The present invention relates to a method for the fermentative preparation of L-amino acids, such as L threonine, using recombinant microorganisms of the enterobacteriaceae family comprising specific DNA fragments having promoter activity functionally linked to polynucleotides encoding membrane proteins or amino acid transporters, and to various (respecitive) microorganisms.

Background

L-amino acids, in particular L-threonine, L-homoserine, L-histidine, L-lysine, L-tryptophan, L-valine, L-leucine and L-isoleucine, are used in human medicine and in the pharmaceutical industry, in the food industry and in animal nutrition.

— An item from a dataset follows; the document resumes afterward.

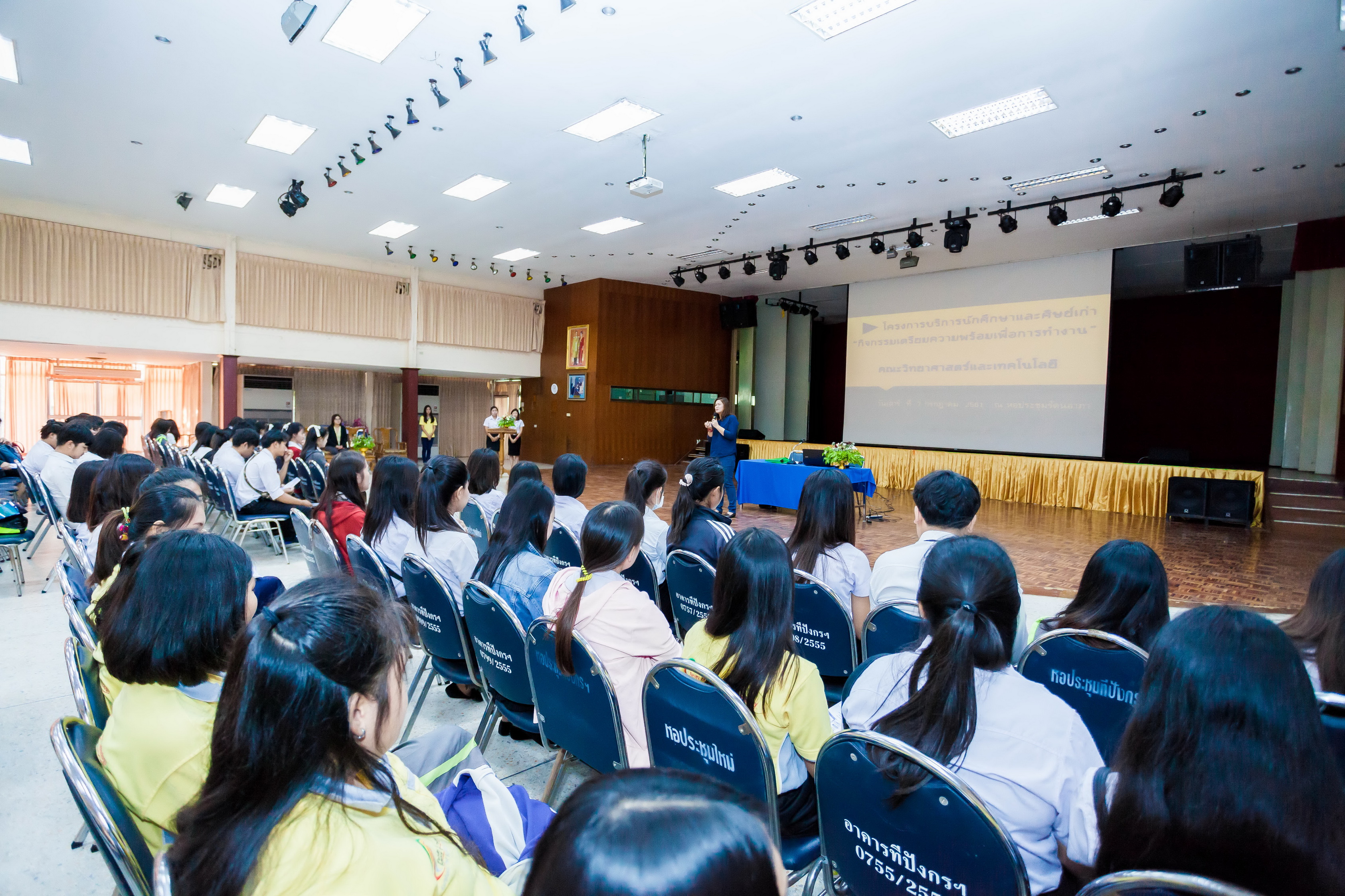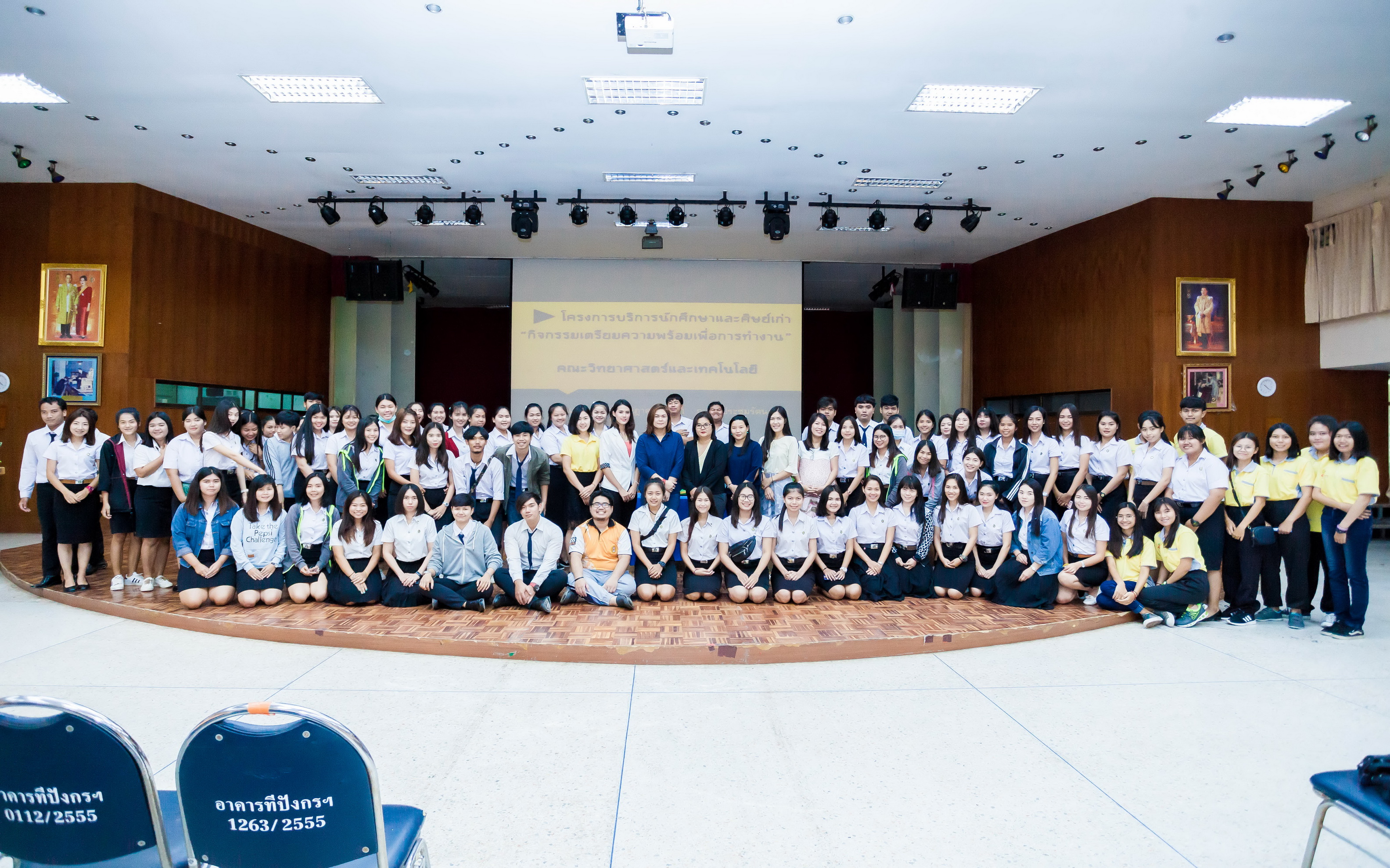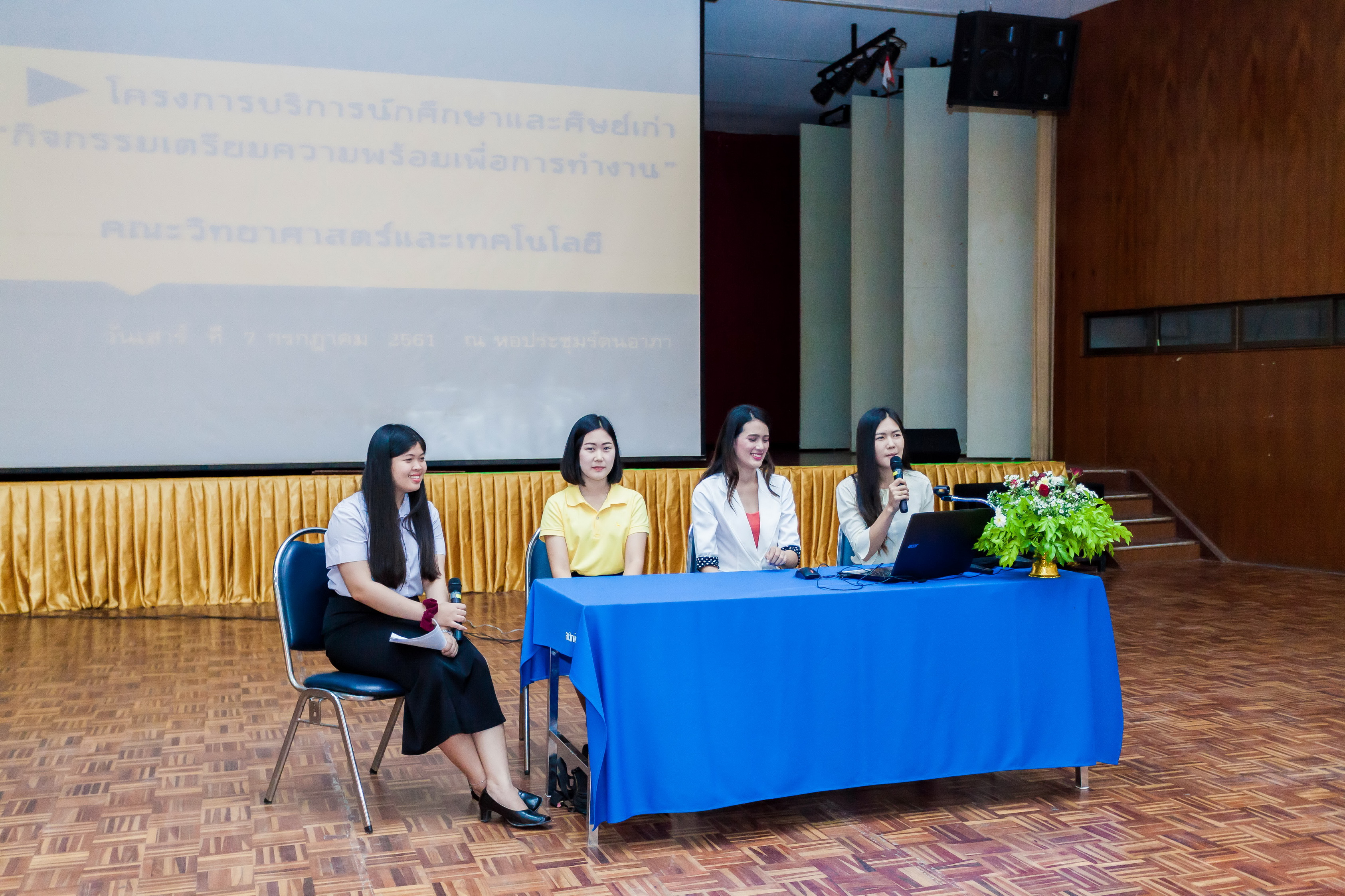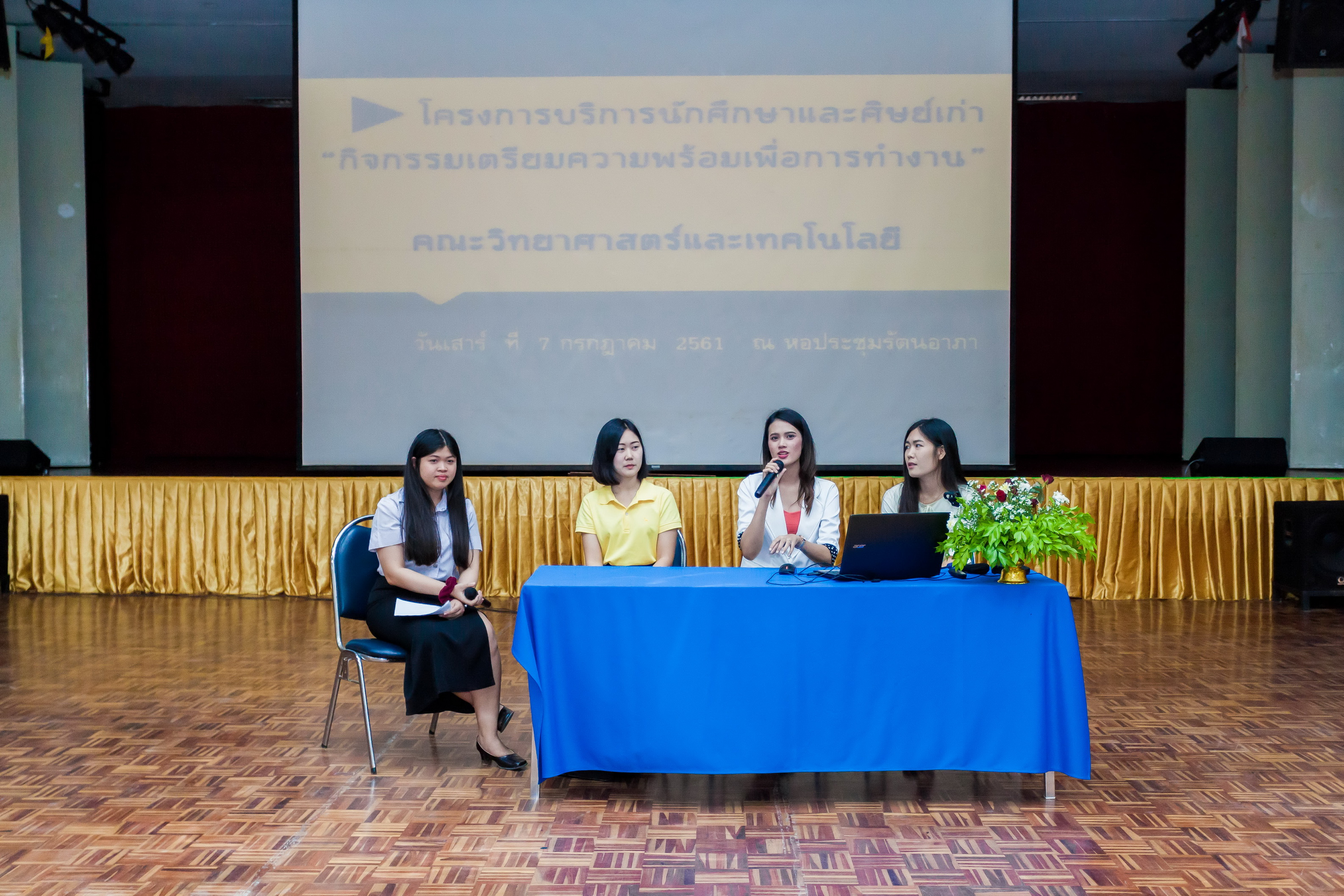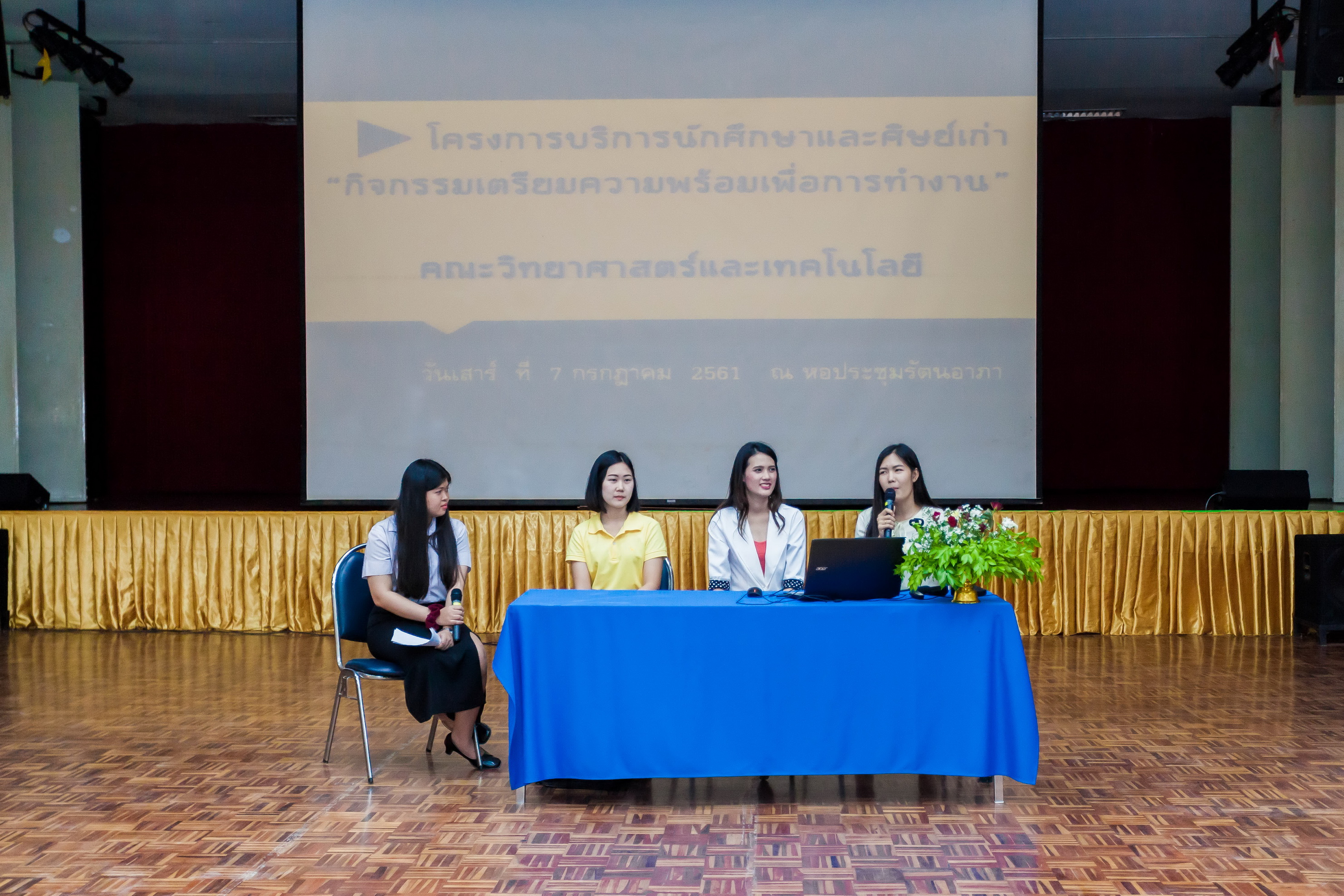 สโมสรนักศึกษาคณะวิทยาศาสตร์และเทคโนโลยี จัดโครงการบริการนักศึกษาและศิษย์เก่า “กิจกรรมเตรียมความพร้อมเพื่อการทำงาน” ในวันที่ วันเสาร์ ที่ 7 กรกฎาคม 2561 เวลา 08.30-17.30 น. ณ หอประชุมรัตนอาภา โดย สโมสรนักศึกษาคณะวิทยาศาสตร์และเทคโนโลยี ให้กับ นักศึกษาคณะวิทยาศาสตร์และเทคโนโลยีชั้นปีที่ 4 วิทยากรโดย คุณพิชชาภัชร์ จริยาจินดาเสถียร ตำแหน่ง นักวิชาการแรงงานชำนาญการ สำนักงานจัดหางานจังหวัดกำแพงเพชร และศิษบ์เก่าคณะวิทยาศาสตร์และเทคโนโลยี

It is known that L-amino acids are prepared by fermentation of strains of the Enterobacteriaceae family, in particular of Escherichia coli (E.coli) and Serratia marcescens (Serratia marcescens). Due to the great importance, there are continuous attempts to improve the preparation process. Improvements in the methodology may relate to measures relating to the fermentation technology, such as, for example, stirring and supply of oxygen, or the composition of the nutrient media, such as, for example, the choice of the sugars used or the sugar concentration during the fermentation, or the modification of the product form, for example by ion exchange chromatography, or the intrinsic performance properties of the microorganism itself.

In wild-type strains, strict regulatory mechanisms prevent the production of metabolites, such as amino acids, in excess of those required by the strain and prevent release into the culture medium. Therefore, from the manufacturer's point of view, the construction of amino acid overproducing strains requires overcoming these metabolic regulations.

Strains are thus obtained which are resistant to antimetabolites, such as the threonine analogue α -amino- β -hydroxyvaleric Acid (AHV), or are auxotrophic for metabolites of regulatory importance and produce L-amino acids, such as L-threonine.

For many years, recombinant DNA methods have likewise been used to improve L-amino acid-producing strains of the Enterobacteriaceae family in a specific manner by amplifying, for example, individual amino acid biosynthesis genes or changing the properties of particular genes and investigating the influence on the production. Comparative information on the cell and Molecular Biology of E.coli and Salmonella can be found in Neidhardt (ed) Escherichia coli and Salmonella, Cellular and Molecular Biology,2^ndedition, ASMPress, Washington, d.c., USA, (1996). A review of L-threonine metabolism and production is given by Debabov (Adva)Was published by sources in Biochemical Engineering Vol.79,113-136(2003)) and by ripping and Hermann (Microbiology monograms, Vol.5,71-92, ISSN 1862-5576 (print) and 1862-5584 (on-line), Springer Verlag Berlin/Heidelberg (2007)).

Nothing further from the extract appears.